Should be fine, just put extra bedding in for extra warmth, mine are in my shed and its around the same temp , I just use paper and straw to give them a bit of extra insulation, and they are fine.


----------



## tegrey2008 (Apr 25, 2010)

its gonna be colder in the shed so worried about going from the utility room 18degrees to the shed where it will be colder i know they will huddle together and i will put extra bedding just didnt know if the temp difference would be to much of a shock for them.


----------



## tegrey2008 (Apr 25, 2010)

anyone else?


----------



## tegrey2008 (Apr 25, 2010)

bump:whistling2:


----------



## antony1986 (Oct 5, 2011)

They will be perfectly fine. They are able to suvive and breeed in any condition. Just put somthing under them and a sheet over them


----------



## SAF (Feb 3, 2013)

*Mice in the Shed*

If its any help, I've had mine in the shed all winter and its hardly the best insulated of all the sheds out there. I provide shredded newspapers and a cardboard boxes from food packaging and parcels etc. 

As long as they have enough food and water you wouldn't even notice the difference.

The only thing i have noted is that they do tend to slow down on the breeding, however this isn't such a bad thing because win the summer they're at it non stop.


----------



## NickF (Apr 24, 2012)

Should be fine. Provide extra bedding and be a little more vigilant though. 

And make sure they don't get damp!


----------



## Snake Island Reptiles (Feb 6, 2014)

Is it really really really worth breeding your own mice if i produced alot of baby corns lets say would it be worth it for the pinkies the only issue i have is the "smell" i have 4 gerbils 1 hamster and tons of reptiles in ma bedroom but will it smell more than that ? (more than tons of snake poop) and would you keep them in racks or cage or vivs?


----------



## ayrton (Apr 22, 2012)

i used to have my rats in the house but had to move so they went into a shed in the middle of winter and i lost about 20 of my young ones because there was a gap that i hadn't noticed that was letting draft in but since covering the gaps they have all been fine and breeding has continued at the same rate and they have been in the shed over a year now :2thumb:


----------



## Spideypidey (Jan 23, 2014)

Re. bedding/substrate.
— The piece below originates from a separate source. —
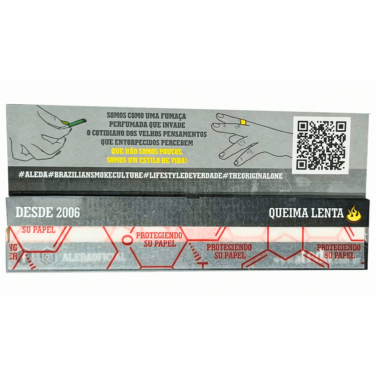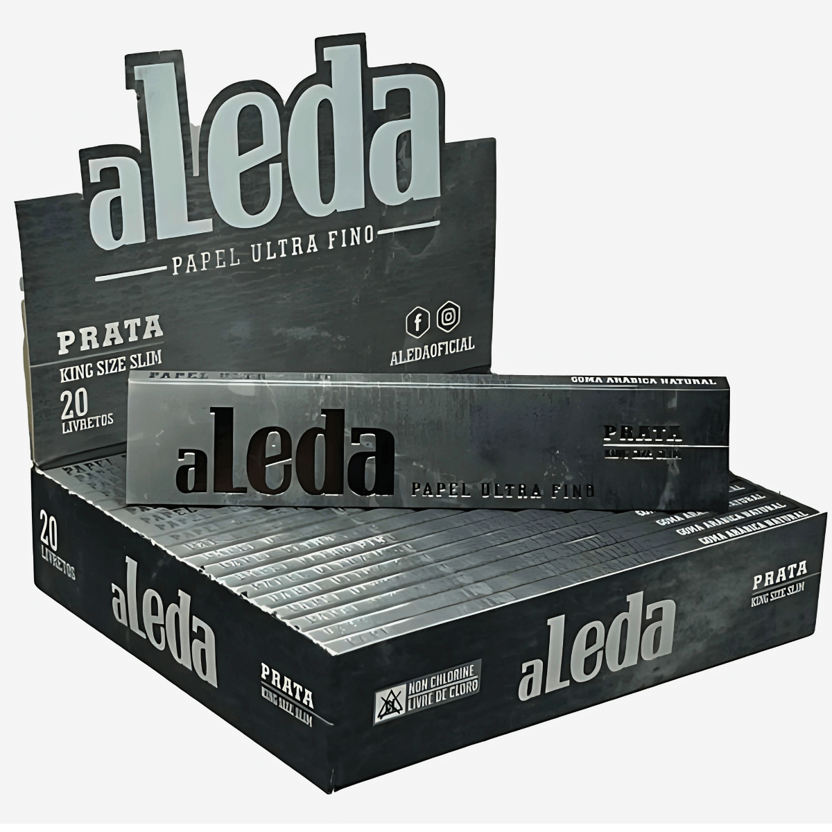 A Seda Aleda Prata King Size Slim é um papel para enrolar em formato alongado e estreito, com folhas brancas extra finas e combustão lenta. Cada livreto reúne folhas padronizadas, com marca d’água que auxilia no controle de qualidade visual, mantendo a identidade da marca Aleda em todo o lote.

A method I use for my hamsters in the colder months is to change to Finacard shredded cardboard bedding. It's warmer and I've never had a problem with hibernation since I started using it. Similar in size to wood shavings. But beware if you buy a bale because you get a lot of it. I would recommend buying the sample pack to start with for £5.00p inc. p&p.
Cardboard Animal Bedding, Paper Horse Bedding, Nesting Material : Finacard

In addition, shredded paper nesting is recommended which is also warmer. You get some of that in the sample pack above. Probably the cheapest way is to hand shred some toilet tissue.


----------